6. Lerner EB, Schwartz RB, Coule PL, et al.集団傷病者のトリアージ。 そのため、このような事態が発生する可能性があります。 Disaster Med Public Health Prep. 2008;2(Suppl 1):S25-S34.

7. Schenker JD, Goldstein S, Braun J, et al. Triage accuracy at a multiple casualty incident disaster drill.災害訓練における集団傷病者のトリアージの正確性. ニューヨーク市消防局の救急医療サービスの経験。 また、「鍼灸師は、鍼灸の基礎となる “鍼 “と “鍼灸師が行う “鍼灸治療の基礎となる “鍼灸治療 “の両方を学ぶことができる」と述べている。 Ann Emerg Med. 2001;38(3):268—277.

9. Zoraster RM, Chidester C, Koenig W. Field triage and patient misdistribution in a mass casualty incident(大量殺傷事故におけるフィールドトリアージと患者の誤配給). Prehosp Disaster Med. 2007;22(3):224—229.

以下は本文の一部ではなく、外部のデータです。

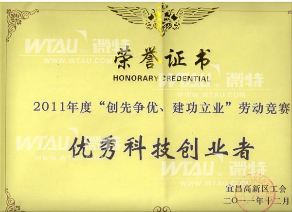 12月20日,我公司總經理聶道靜榮獲2011年度宜昌高新區“創先爭優、建功立業”勞動競賽優秀科技創業者稱號.獲此殊榮是高新區領導對微特公司這么多年艱苦創業的肯定和鼓勵!也為微特自己在下一個十年的發展增強了信心.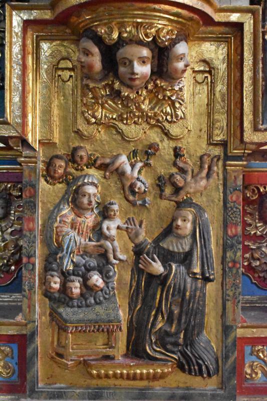 Santa Gertrudis, con hábito benedictino, se arrodilla ante la Virgen con el Niño, sentada esta sobre un nubaje con cabezas de querubines a su vez encima de una silla. Juguetones ángeles vuelan alrededor de estas figuras, así como cabezas de querubines.

10. Richards M, Nufer K. Simple triage and rapid transport: 災害医療支援チームによって評価された患者の搬送と紹介の必要性を予測するか? Ann Emerg Med. 2004;44(4 Suppl 1): S33-S34.

11. Perkins T. Virginia Tech mass shooting review panel report. EMS マガジン。 2007;36(10):34—36.

12. TriData Division. バージニア工科大学での大量殺戮事件. レビューパネルの報告書への補遺. システム・プランニング・コーポレーション: Arlington, Va., pp.89-105, 2009.

13. アームストロングJH,フライクバーグER. バージニア工科大学銃乱射事件への対応から得られた教訓。 Disaster Med Public Health Prep. 2007;1(1 Suppl):S7-S8.

14. Burkhart F. (Jan. 15, 2011.) From bloody scene to E.R., Lifesaving choices in Tucson. The New York Times. 2015年1月27日、www.nytimes.com/2011/01/15/us/15medical.html.